# The Future For Model S?



## Dan Detweiler

A post came up over on TMC that really got me thinking (very scary, I know!)

Now bear with me on this, it is just pure speculation on my part. Please don't take my head off on this as I know it might rub some folks the wrong way. So...to set this up let's look at a little history first. Tesla needed the income from the Roadster to help with the initial cost of the Model S and Model X programs. All part of the master plan. Once the Model S was established and viable the Roadster went away as supposedly Tesla could use those resources to better benefit the further development of said Model S and X. 

So what do you guys think of the possibilities that Tesla may do the same thing with the Model S at some point? If the Model 3 is as successful as we all think it will be and with their sights set on the much bigger markets for a pick up truck and an affordable hatchback, would the resources spent on the expensive, limited market for a high end sedan be better used to bring these much more widely anticipated products to fruition? I guess what I am asking is if you guys feel that at some point the Model S might be a company liability holding them back from reaching a broader market for some of these other projects, assuming the Model 3 can sustain the company at that point. 

Don't get me wrong, I love the Model S but I wonder if at some point Tesla may feel the money spent on maintaining that line be better spent elsewhere. What do you think?

Dan


----------



## garsh

Given the prices that the S and X command, I don't see them dropping those lines. Instead, I think they'll take the lessons they learned from the Model 3 and redesign parts of the S and X to make them easier & cheaper to manufacture. With little to no change in sales price, the profits will then be immense on that product line.

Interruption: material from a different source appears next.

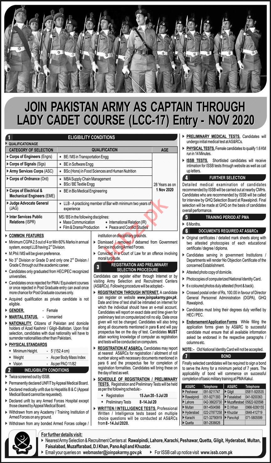 Pakistan Army Join Captain Lady Cadet Course 2020

But... the 3 doesn't appear to be all that much smaller than the S. At least, the interior doesn't appear to be. Maybe the size is close enough that it doesn't make sense to keep making the S. It's an interesting thought. I personally think they'll keep the S around. It's currently the company's signature car.


----------



## Michael Russo

garsh said:


> Given the prices that the S and X command, I don't see them dropping those lines. (...) I personally think they'll keep the S around. It's currently the company's signature car.


Indeed, @garsh, I see it the same way & that is exactly what @Red Sage aptly articulated in his post #24 in the thread below.
https://teslaownersonline.com/threa...x-before-hud-installed.2227/page-2#post-13411
In fact, if (strike that, I actually meant 'when') T≡SLA is as successful as we believe it can be, I believe they will expand to a _full range_ with the previously announced Model Y, truck, etc. as well as keep & replace Model S & X (and, oh by the way, the Roadster too)! 
Go T≡SLA!


----------



## Red Sage

garsh said:


> But... the 3 doesn't appear to be all that much smaller than the S. At least, the interior doesn't appear to be. Maybe the size is close enough that it doesn't make sense to keep making the S. It's an interesting thought. I personally think they'll keep the S around. It's currently the company's signature car.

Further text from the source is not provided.